Top of DATA SECTION

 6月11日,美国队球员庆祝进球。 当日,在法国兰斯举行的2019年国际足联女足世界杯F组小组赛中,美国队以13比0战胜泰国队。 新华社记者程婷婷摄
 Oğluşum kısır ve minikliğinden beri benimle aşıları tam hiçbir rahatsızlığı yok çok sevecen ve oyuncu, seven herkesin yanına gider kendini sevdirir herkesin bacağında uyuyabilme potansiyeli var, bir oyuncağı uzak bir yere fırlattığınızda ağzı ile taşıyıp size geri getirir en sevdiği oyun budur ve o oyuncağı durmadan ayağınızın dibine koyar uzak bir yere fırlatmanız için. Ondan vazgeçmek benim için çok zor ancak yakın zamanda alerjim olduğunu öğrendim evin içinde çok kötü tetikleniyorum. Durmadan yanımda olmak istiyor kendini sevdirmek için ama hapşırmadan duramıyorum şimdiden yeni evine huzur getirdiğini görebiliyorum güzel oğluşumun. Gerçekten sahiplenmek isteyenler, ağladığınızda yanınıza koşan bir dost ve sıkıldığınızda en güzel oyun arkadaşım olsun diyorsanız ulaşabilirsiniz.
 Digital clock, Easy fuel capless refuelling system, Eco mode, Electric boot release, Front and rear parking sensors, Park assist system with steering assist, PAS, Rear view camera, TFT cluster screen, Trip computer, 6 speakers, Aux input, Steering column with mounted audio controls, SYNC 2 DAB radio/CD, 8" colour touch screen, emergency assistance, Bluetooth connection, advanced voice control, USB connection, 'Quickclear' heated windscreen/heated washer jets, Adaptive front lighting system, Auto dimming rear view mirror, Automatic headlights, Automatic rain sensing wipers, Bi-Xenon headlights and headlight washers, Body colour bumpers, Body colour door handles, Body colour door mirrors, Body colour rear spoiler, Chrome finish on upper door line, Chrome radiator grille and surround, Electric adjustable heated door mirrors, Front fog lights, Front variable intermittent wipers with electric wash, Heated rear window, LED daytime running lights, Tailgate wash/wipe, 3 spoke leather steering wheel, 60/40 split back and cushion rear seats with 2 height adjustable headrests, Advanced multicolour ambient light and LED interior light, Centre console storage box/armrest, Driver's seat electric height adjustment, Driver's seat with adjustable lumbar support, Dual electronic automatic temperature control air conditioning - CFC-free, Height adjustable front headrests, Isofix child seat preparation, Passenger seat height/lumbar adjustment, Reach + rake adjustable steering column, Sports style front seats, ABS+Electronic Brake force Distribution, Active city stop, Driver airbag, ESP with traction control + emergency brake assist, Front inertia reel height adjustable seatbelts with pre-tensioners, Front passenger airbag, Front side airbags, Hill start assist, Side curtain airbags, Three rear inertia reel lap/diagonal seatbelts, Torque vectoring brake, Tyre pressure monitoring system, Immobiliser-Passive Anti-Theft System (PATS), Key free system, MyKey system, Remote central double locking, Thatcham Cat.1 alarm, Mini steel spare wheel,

Bottom of DATA SECTION

**PROBLEM TO WORK ON:**
Once more, write out all the data above exactly as given.

**RESULT FOR THIS EXERCISE:**
 6月11日,美国队球员庆祝进球。 当日,在法国兰斯举行的2019年国际足联女足世界杯F组小组赛中,美国队以13比0战胜泰国队。 新华社记者程婷婷摄
 Oğluşum kısır ve minikliğinden beri benimle aşıları tam hiçbir rahatsızlığı yok çok sevecen ve oyuncu, seven herkesin yanına gider kendini sevdirir herkesin bacağında uyuyabilme potansiyeli var, bir oyuncağı uzak bir yere fırlattığınızda ağzı ile taşıyıp size geri getirir en sevdiği oyun budur ve o oyuncağı durmadan ayağınızın dibine koyar uzak bir yere fırlatmanız için. Ondan vazgeçmek benim için çok zor ancak yakın zamanda alerjim olduğunu öğrendim evin içinde çok kötü tetikleniyorum. Durmadan yanımda olmak istiyor kendini sevdirmek için ama hapşırmadan duramıyorum şimdiden yeni evine huzur getirdiğini görebiliyorum güzel oğluşumun. Gerçekten sahiplenmek isteyenler, ağladığınızda yanınıza koşan bir dost ve sıkıldığınızda en güzel oyun arkadaşım olsun diyorsanız ulaşabilirsiniz.
 Digital clock, Easy fuel capless refuelling system, Eco mode, Electric boot release, Front and rear parking sensors, Park assist system with steering assist, PAS, Rear view camera, TFT cluster screen, Trip computer, 6 speakers, Aux input, Steering column with mounted audio controls, SYNC 2 DAB radio/CD, 8" colour touch screen, emergency assistance, Bluetooth connection, advanced voice control, USB connection, 'Quickclear' heated windscreen/heated washer jets, Adaptive front lighting system, Auto dimming rear view mirror, Automatic headlights, Automatic rain sensing wipers, Bi-Xenon headlights and headlight washers, Body colour bumpers, Body colour door handles, Body colour door mirrors, Body colour rear spoiler, Chrome finish on upper door line, Chrome radiator grille and surround, Electric adjustable heated door mirrors, Front fog lights, Front variable intermittent wipers with electric wash, Heated rear window, LED daytime running lights, Tailgate wash/wipe, 3 spoke leather steering wheel, 60/40 split back and cushion rear seats with 2 height adjustable headrests, Advanced multicolour ambient light and LED interior light, Centre console storage box/armrest, Driver's seat electric height adjustment, Driver's seat with adjustable lumbar support, Dual electronic automatic temperature control air conditioning - CFC-free, Height adjustable front headrests, Isofix child seat preparation, Passenger seat height/lumbar adjustment, Reach + rake adjustable steering column, Sports style front seats, ABS+Electronic Brake force Distribution, Active city stop, Driver airbag, ESP with traction control + emergency brake assist, Front inertia reel height adjustable seatbelts with pre-tensioners, Front passenger airbag, Front side airbags, Hill start assist, Side curtain airbags, Three rear inertia reel lap/diagonal seatbelts, Torque vectoring brake, Tyre pressure monitoring system, Immobiliser-Passive Anti-Theft System (PATS), Key free system, MyKey system, Remote central double locking, Thatcham Cat.1 alarm, Mini steel spare wheel,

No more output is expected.